Только не|мы (СИ)
— А надо было?
— Я ведь рассказала тебе о бывшем муже.
— Илзе, — Тони коснулся моего рукава, я отстранилась. — Илзе, послушай, у меня есть небольшая типография. Возможно, тебе будет полезно.
— Ты что, пытаешься меня подкупить?
— Я пытаюсь оставить тебе свои координаты.
— Зачем?
— Затем, что мне неловко просить твои.
— В этом нет необходимости, — со всей возможной холодностью заявила я. — Нам ни к чему лишние контакты.
— Илзе, вот моя визитка, — Тони всё-таки протянул мне кусок картона, который я ни за что бы не взяла, вопреки желанию знать, что там написано.

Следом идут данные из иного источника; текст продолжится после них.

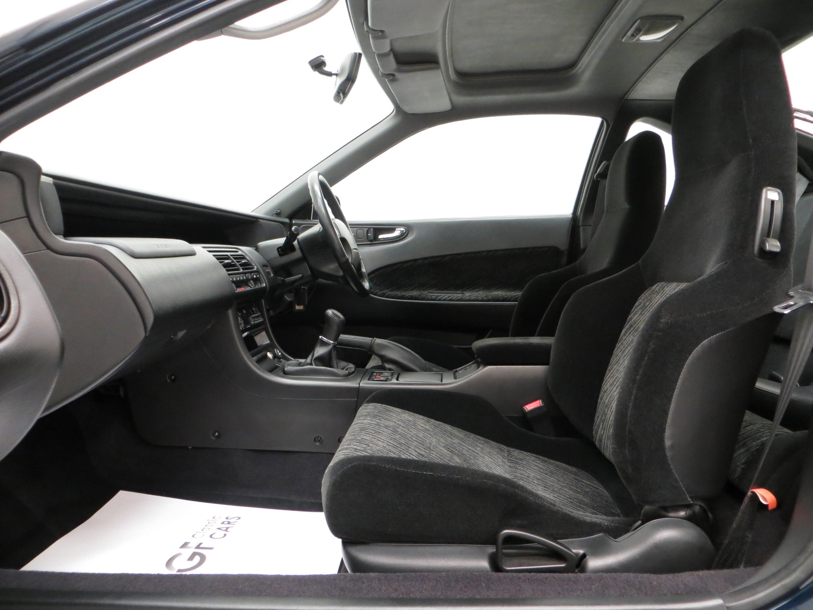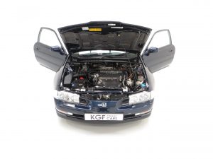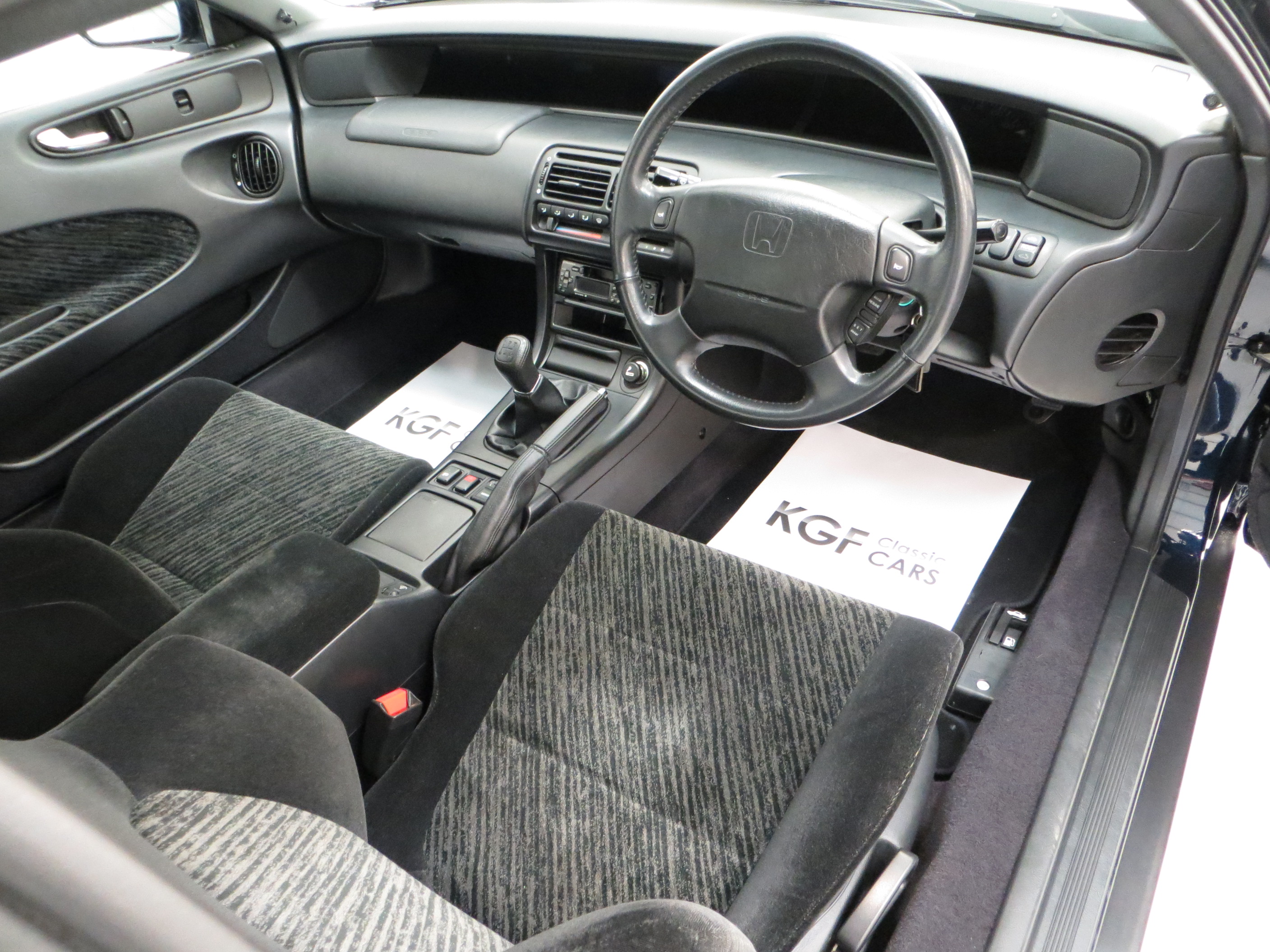 The aerodynamic curvaceous lines of this top of the range Forth Generation Honda Prelude are beautifully accentuated by the Pacific Blue Pearl paintwork, (Code B-68P). The fastidious long-term gentleman owner insisted on strict garage storage, he was truly fanatical over his pride and joy and even fitted genuine Honda headlamp guards upon purchase. The paintwork boasts a deep glossy shine and uniform finish, and all factory panels are beautifully straight with even shut lines. Small age-related markings and touched in stone chips to the original paintwork are only very minor, and there is a small blemish to the sunroof edge and a scratch to the driver’s door mirror. All trim sections are immaculate and the supplying Honda main dealer number plates remain fitted. An amazing preserved and unmolested example, without question one of the best examples in existence.

Я уже шагала прочь, без оглядки. Шагала так уверенно, будто точно понимала, куда иду, но я ничего не понимала в тот момент. Тони нагонял меня, пыталась вновь заговорить. Я шагала всё быстрее. Ноги порой спотыкались друг о друга, из-за алкоголя, но больше из-за нервов.
Мы ссорились. Ссорились будто настоящие любовники, хотя ни разу не целовались, не лежали в одной постели, не видели друг друга нагими, не признавались в любви, да и ни в чём ещё не признавались.
Тони хватило ненадолго. Он отстал метров через пятьсот.
Я неуклонно двигалась дальше. Тони остался стоять под фонарём.
Наверное, ему было холодно. Мне тоже было холодно, и лишь холоднее становилось от горячих слёз, которые мгновенно превращались в ледяную корку на щеках.
— Илзе! — услышала я за спиной.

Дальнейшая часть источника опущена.